Weaving through people and minicarts, Lee May reaches the plate, smiles at the saleswoman on the other side, and picks up the biggest shrimp she can see. Then, taking a small bite and nodding at the saleswoman who smiles back, she excuses herself with genial politeness and steps out of the line she interrupted.

As quickly as possible without arousing suspicion, Lee May reaches the hair care aisle and carefully hides the sizeable remnant of the shrimp behind the tall bottles of FunChrome highlighter. Her heart is threatening to jump out of her chest, but the adrenaline wave is so high now it makes her feels invincible.

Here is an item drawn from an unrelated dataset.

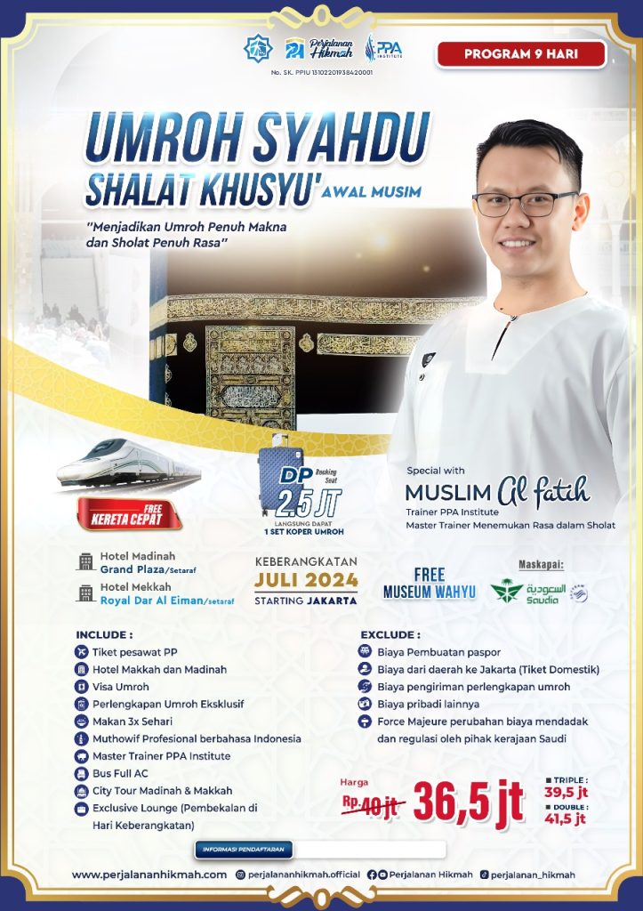 Umroh Syahdu Shalat Khusyu di Awal Musim adalah Umroh Tematik persembahan dari PPA Institute dan Perjalanan Hikmah yang akan menjadikan perjalanan ibadah Umroh Anda sepenuh Rasa, yang membuat Shalat menjadi lebih khusyu insya Allah sampai Anda tiba di Tanah Air.

There is no way sketch comedy and hovertaps could ever make her feel this way. Hell, there is no way most of the synthetic opioids on the market could make her feel so alive. Lukas might; but that's not an option. She's a good person, too smart and too well adjusted, she's kind and decent and happy despite any unrequited feelings and fuck it all to hell, today is supposed to be all about getting away from her poster-child-for-Hallmark self. And she's having all these wrong thoughts that are swiftly killing her perfect buzz.

She wants it back.

The shopping adventure usually ends with a can of Melocola, useless sugar fizzing down her throat to cap the rebellious experience; but oh, look, today is a lucky day, the day of perfect opportunities, and Lee May makes up her mind in a split second. Almost as an afterthought, she picks up an unmarked bath ball out of the box someone else had opened, and puts it casually in her minicart -- under her coat. The cameras covering the checkout lines won't catch it when she slips the tiny ball into her coat pocket.

By the time Lee May steps out of the store and into the gray street of the rainy day, she is absolutely, totally, perfectly fucking happy.